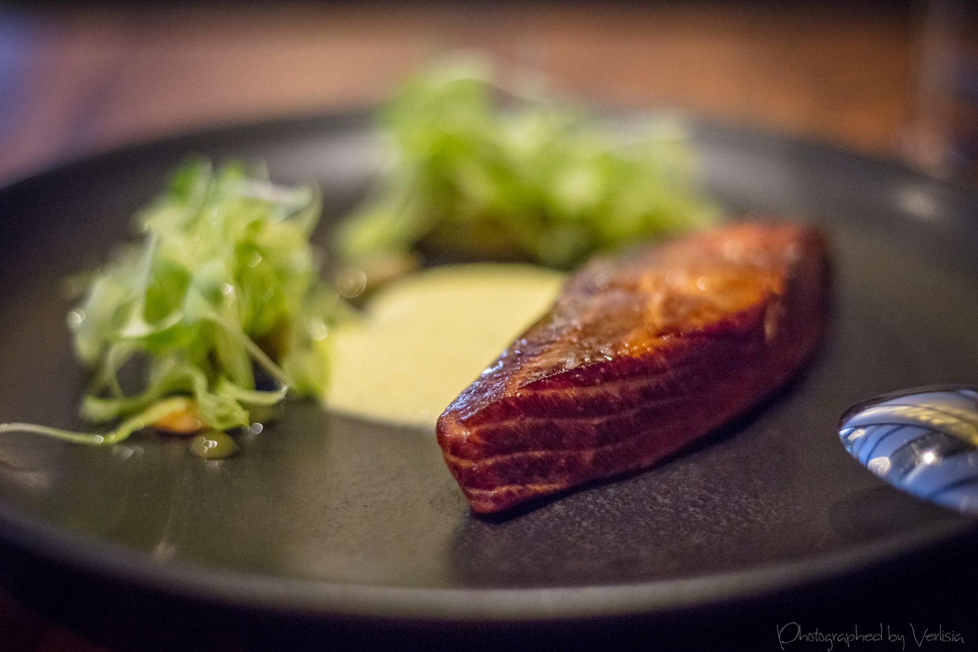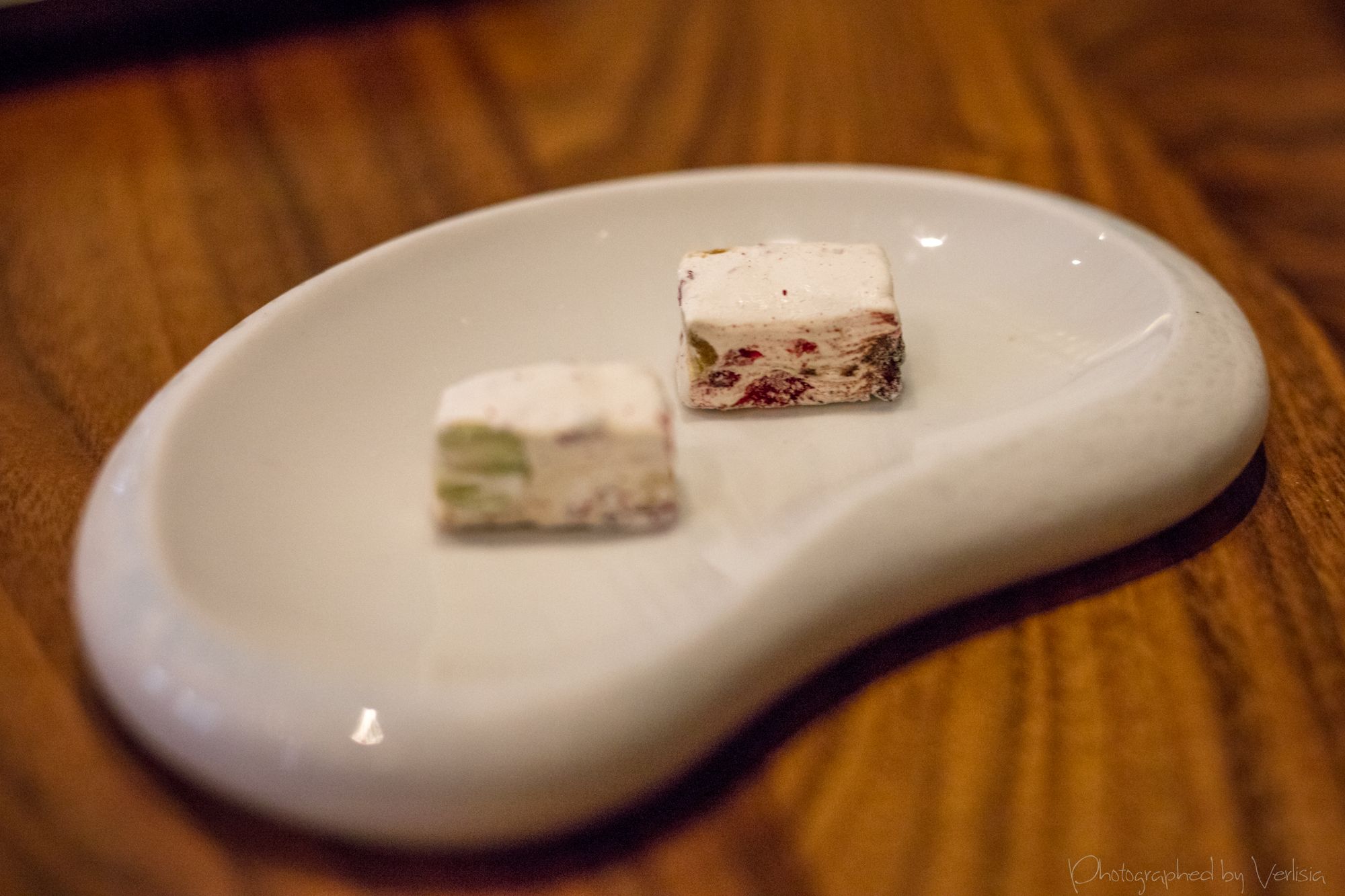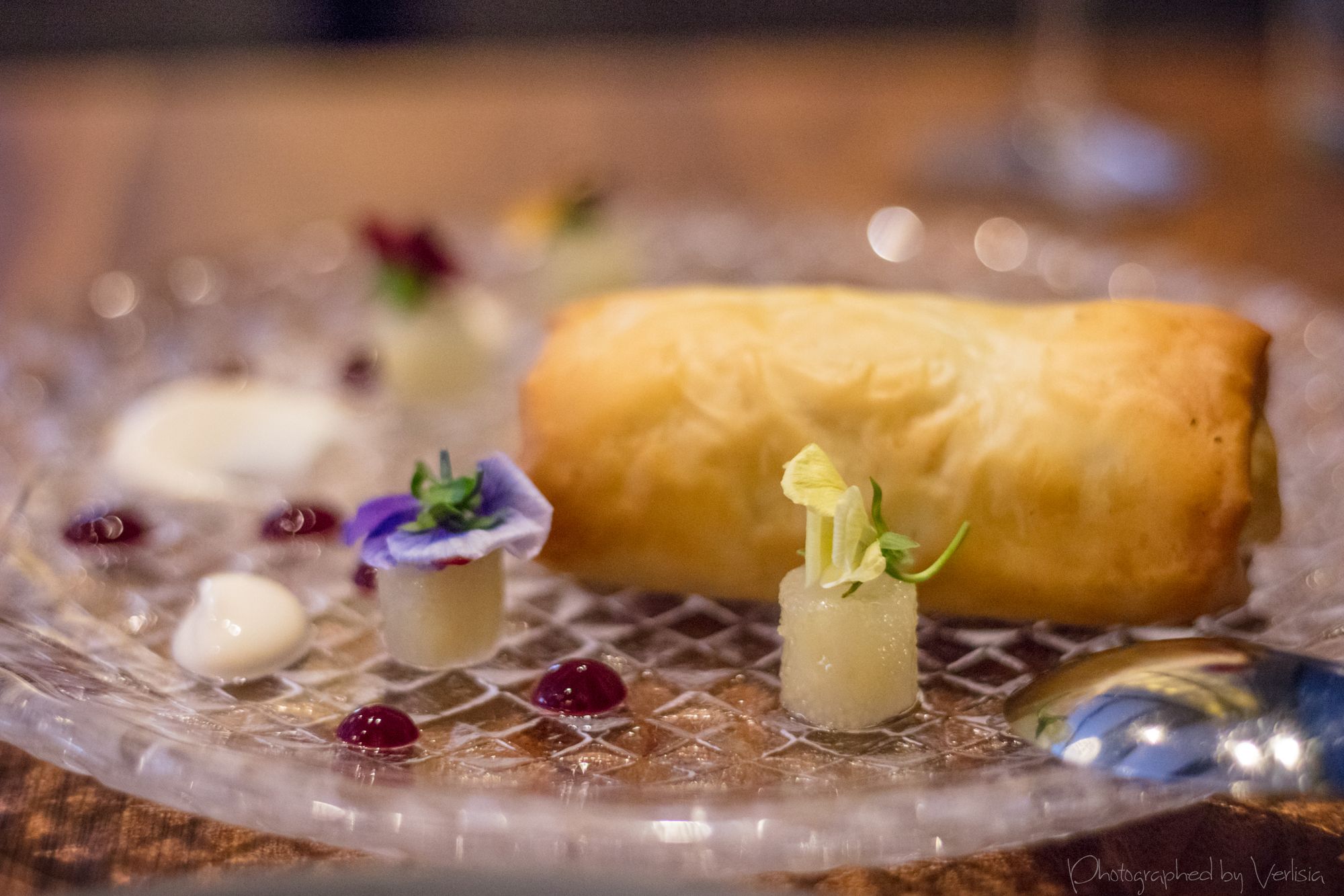 Strawberry + Cardamon (strawberry shrub . orange . green cardamom . soda), King Over Waters (grand marnier . laphroaig islay scotch . cranberry liqueur . lemon juice . moroccan spiced honey . aleppo cocoa nib bitters . lemon oil), Salmon (fennel . blood orange . olive . fresh z'hug)Basteeya (duck . asian pear . lemon verbena . crème fraîche . almond), Branzino (chanterelle . corn . summer squash . shrimp), Lamb (lentil . rutabaga . maitake . eucalyptus . black lime)Chocolate & Dukkah (hazelnut . sesame . shiso), Sugar Puffs (blueberry . preserved lemon . buckwheat), Sweets
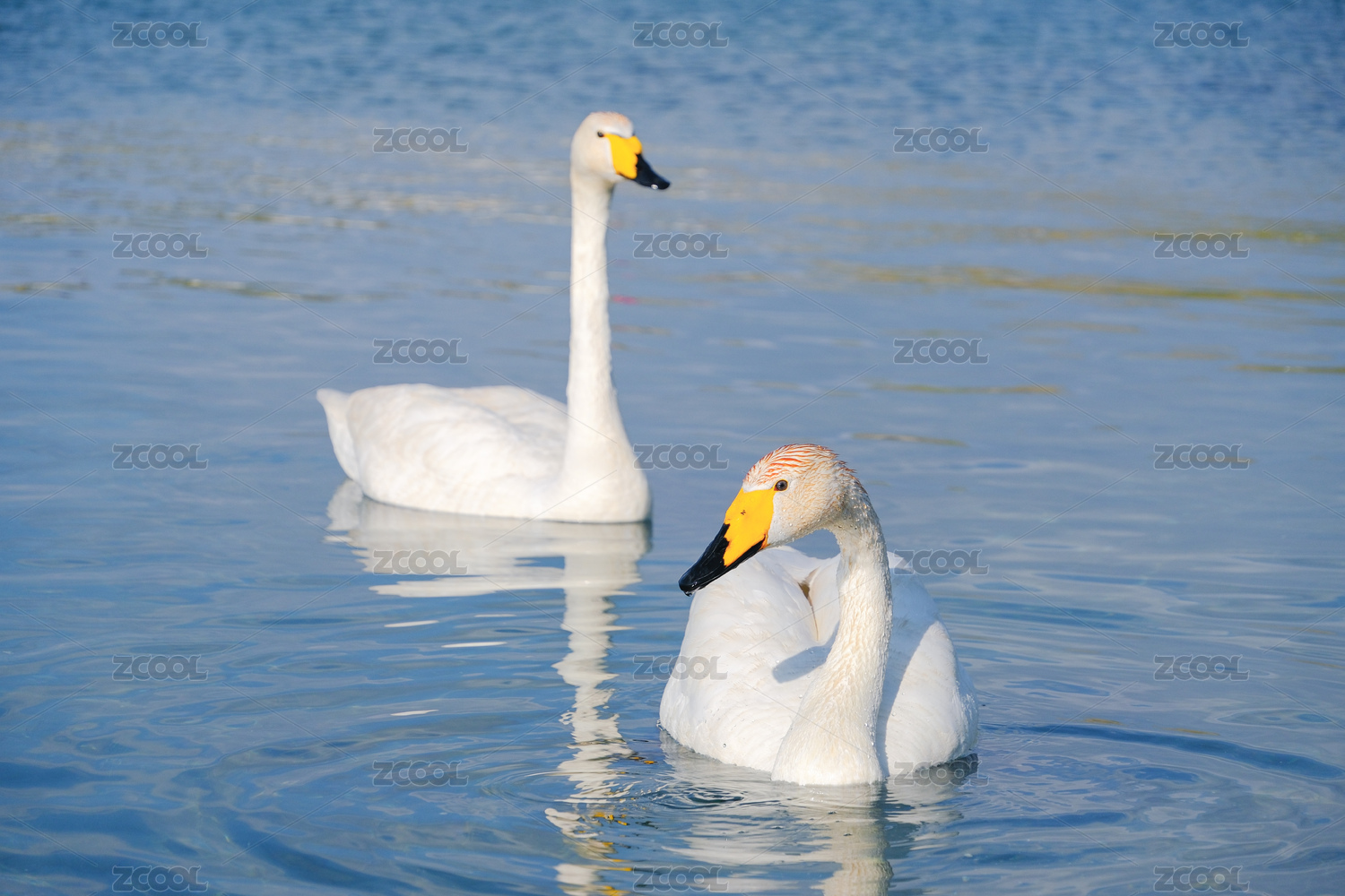 郑州北龙湖湿地公园疣鼻天鹅白天鹅水中畅游
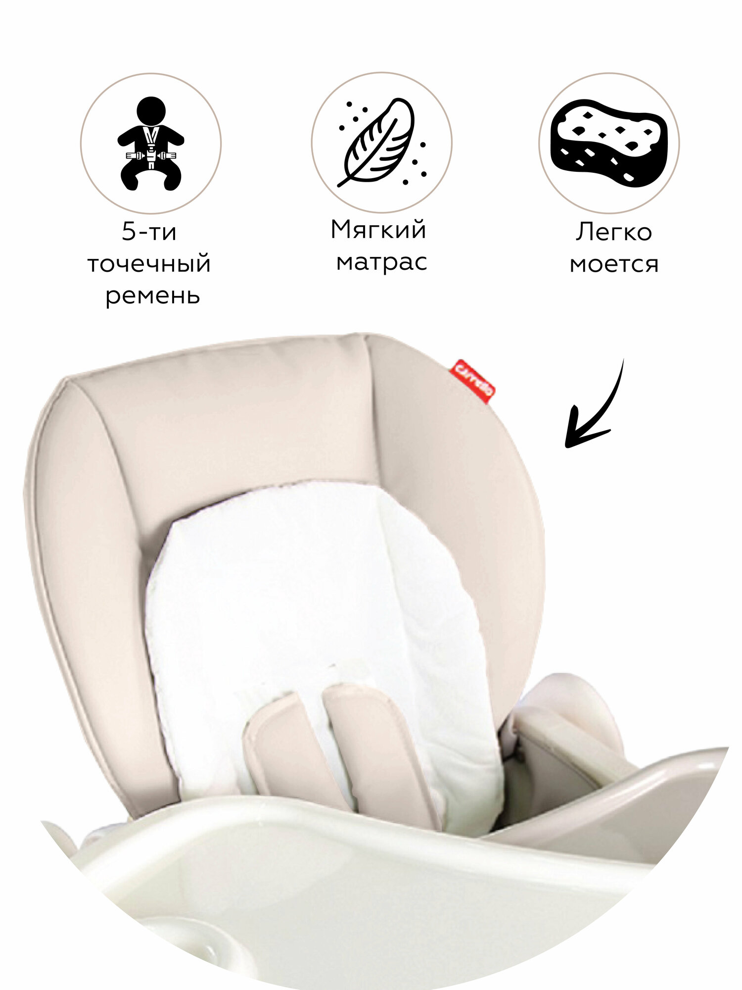 | Дополнительно | съемный столик / столешница с бортиком / ремни безопасности |
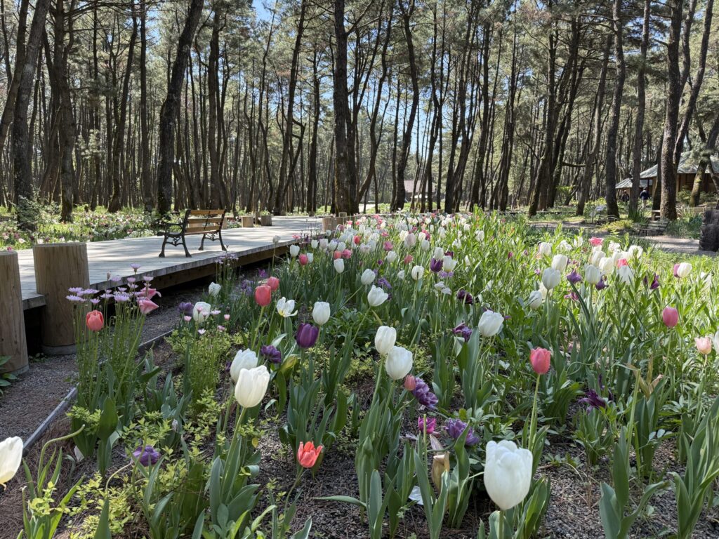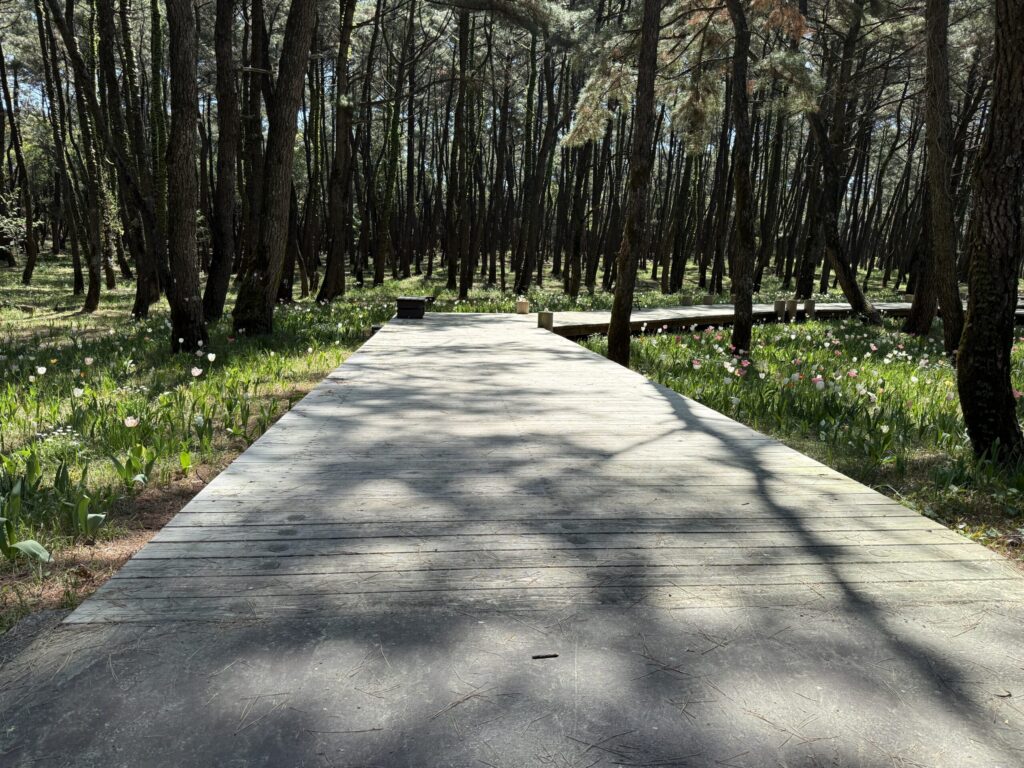 • 松林と調和する風景: 一ツ葉(ひとつば)の雄大な松林の環境を活かし、無理のない生態系や自然体な姿を大切に作られています。ウッドデッキの遊歩道が整備されており、松の木々の間から差し込む「木漏れ日」を浴びながら、心地よい散策が楽しめます。
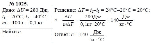Решения домашних заданий по физике 7, 8, 9 класс Лукашик В.И., Иванова Е.В. 1025 упражнение Сборник задач по физике
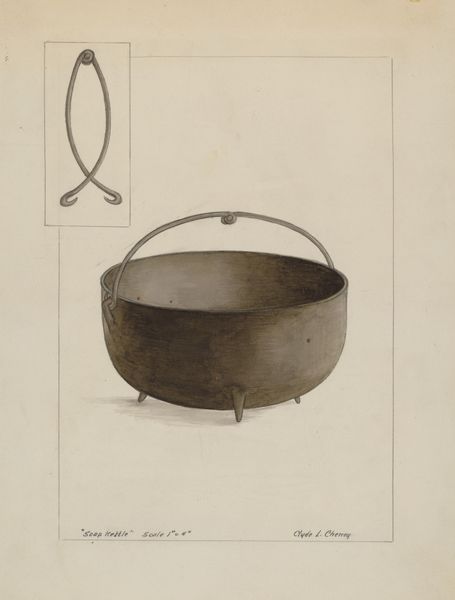 Violet Hartenstein created this watercolor and graphite on paper, titled “Dutch Bake Oven.” Hartenstein, born in 1885, lived through a period of immense change in America, marked by industrialization and shifting social roles. Her artistic focus on domestic objects reflects a broader cultural narrative about gender and labor. These bake ovens were essential tools, and were also symbolic of women's work and domesticity. By depicting the oven in isolation, Hartenstein prompts us to consider its significance beyond its practical function. The rough texture and simple form of the oven are rendered with a careful attention, suggesting both the labor and the intimacy involved in traditional cooking. This artwork encourages us to consider the intersection of gender, labor, and domesticity, inviting us to reflect on the often-overlooked contributions of women in shaping our society.
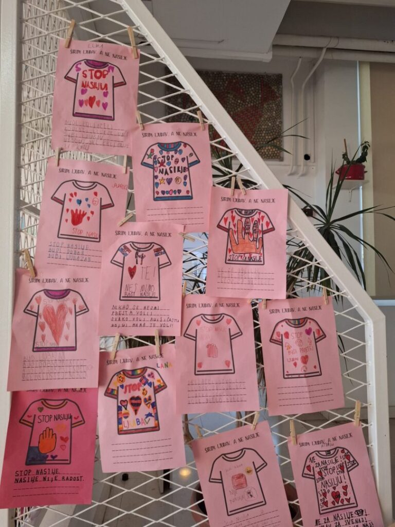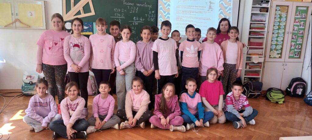 Danas smo u našoj školi obilježili Dan ružičastih majica, dan posvećen borbi protiv vršnjačkog nasilja. Obukli smo ružičaste majice kako bi pokazali podršku prijateljstvu, toleranciji i poštovanju među vršnjacima.
+-------+
Your goal.
Give back the material above exactly, with each picture removed.

Task result.
 Strawberry + Cardamon (strawberry shrub . orange . green cardamom . soda), King Over Waters (grand marnier . laphroaig islay scotch . cranberry liqueur . lemon juice . moroccan spiced honey . aleppo cocoa nib bitters . lemon oil), Salmon (fennel . blood orange . olive . fresh z'hug)Basteeya (duck . asian pear . lemon verbena . crème fraîche . almond), Branzino (chanterelle . corn . summer squash . shrimp), Lamb (lentil . rutabaga . maitake . eucalyptus . black lime)Chocolate & Dukkah (hazelnut . sesame . shiso), Sugar Puffs (blueberry . preserved lemon . buckwheat), Sweets
 郑州北龙湖湿地公园疣鼻天鹅白天鹅水中畅游
 | Дополнительно | съемный столик / столешница с бортиком / ремни безопасности |
 • 松林と調和する風景: 一ツ葉(ひとつば)の雄大な松林の環境を活かし、無理のない生態系や自然体な姿を大切に作られています。ウッドデッキの遊歩道が整備されており、松の木々の間から差し込む「木漏れ日」を浴びながら、心地よい散策が楽しめます。
Решения домашних заданий по физике 7, 8, 9 класс Лукашик В.И., Иванова Е.В. 1025 упражнение Сборник задач по физике
 Violet Hartenstein created this watercolor and graphite on paper, titled “Dutch Bake Oven.” Hartenstein, born in 1885, lived through a period of immense change in America, marked by industrialization and shifting social roles. Her artistic focus on domestic objects reflects a broader cultural narrative about gender and labor. These bake ovens were essential tools, and were also symbolic of women's work and domesticity. By depicting the oven in isolation, Hartenstein prompts us to consider its significance beyond its practical function. The rough texture and simple form of the oven are rendered with a careful attention, suggesting both the labor and the intimacy involved in traditional cooking. This artwork encourages us to consider the intersection of gender, labor, and domesticity, inviting us to reflect on the often-overlooked contributions of women in shaping our society.
 Danas smo u našoj školi obilježili Dan ružičastih majica, dan posvećen borbi protiv vršnjačkog nasilja. Obukli smo ružičaste majice kako bi pokazali podršku prijateljstvu, toleranciji i poštovanju među vršnjacima.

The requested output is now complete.